Kissing is the essential first step towards a healthy, long-lasting relationship. And a good kisser is right at the top of the list when you're contemplating taking things to the second or the third base. Don't believe us? Think of that guy who sucked your lips so hard that you were left with a swollen lip for a day. Haven't had such an experience? Consider yourself lucky. Believe us, you'd never want to date a bad kisser. They are the top of the list of worst dates out there. And you couldn't possibly want to date a guy who thinks of your lips as his personal version of chew-on-for-adults. We decode the types of kissers for you. Make sure you choose the right one!
1. The sans-tongue kisser
Yes, we understand that a lot of tongue while kissing is not a great thing to do, but you might not possibly want to look like first timers who are still struggling their way to the mouth. A peck on the lips - or an extended peck on the lips - doesn't come anywhere even remotely close to kissing in the real sense of the term.
2. The biter
The most impotant part of his kissing apparatus is - no, not his lips, or even his tongue - it is his teeth. He takes no time at all to jump into your mouth and start biting his way to Paradise. There have actually been women who have had to stop the guy in the midst of the kissing (read: biting) act and ask them to back off.
3. The face-licker
This kind doesn't like to waste any time kissing their women's lips. They pounce on the girl's face. A face-licker - as is evident from the title - licks your entire face like it's their favourite flavour of ice-cream. There usually comes a time when you either feel like asking him to take a bit of interest in what lies on the other side of the lips, too.
4. The tongue-thruster
For this kind of a kisser, the tongue is the only part of the body that exists. No, there is no slow kissing, and there is no other part of his internal mouth that he would want you to learn about. It's the tongue being thrust right into your mouth, and he makes the most of it. While tongue-thrusters are still tolerable when it's their tongue doing the work, what is absolutely disgusting is when they insert their tongue into your mouth and expect you to do all the work while the tongue rests inside like a clam. Yeah, makes me want to throw up even while I'm writing this.
5. The lazy kisser
This kind would bore you to death in the middle of kissing him. It's almost like he began kissing you and then fell asleep in the middle of the job. Or even worse, forgot about it altogether. No, maybe you should steer clear of this kind too.

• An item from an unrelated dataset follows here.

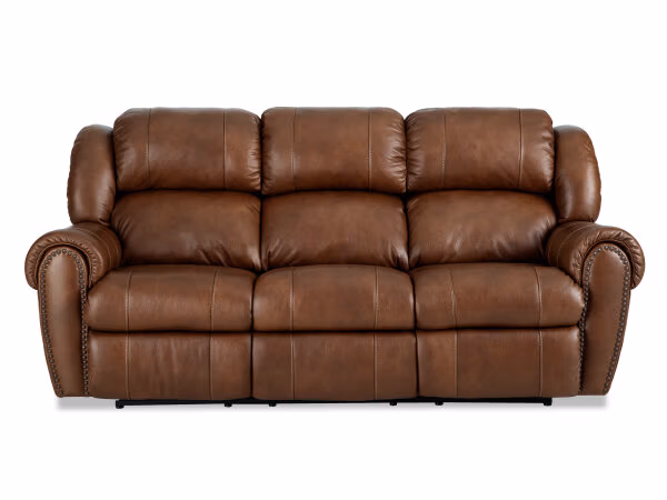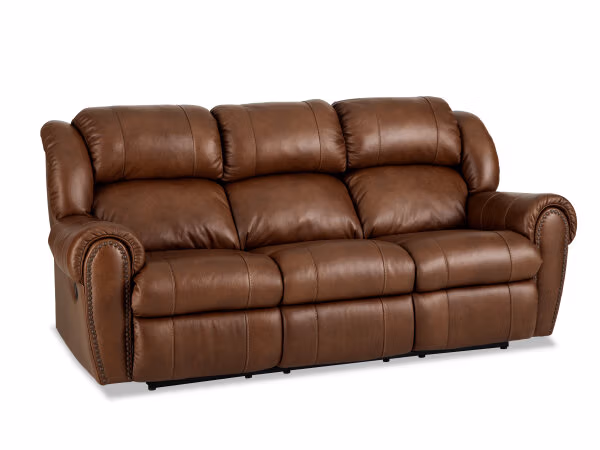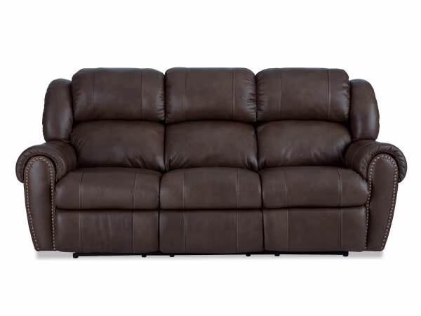 Double Reclining Power SofaTop-grain cowhide leather coverDouble needle accent stitchingNailhead trim on armsPlush, pad-over chaise leg support Features Power Yes

6. The slow, tender, amazing kisser
He likes to take his time in moving from your lower lip to your tongue. There's no hurry, and you don't feel the urgency to finish the kiss, either. As he works his way tenderly towards your tongue, you might just want to rip the clothes off his body right there and jump into bed with him. Imagine if his tongue can treat your mouth to this slow foreplay, what potential he could have down there!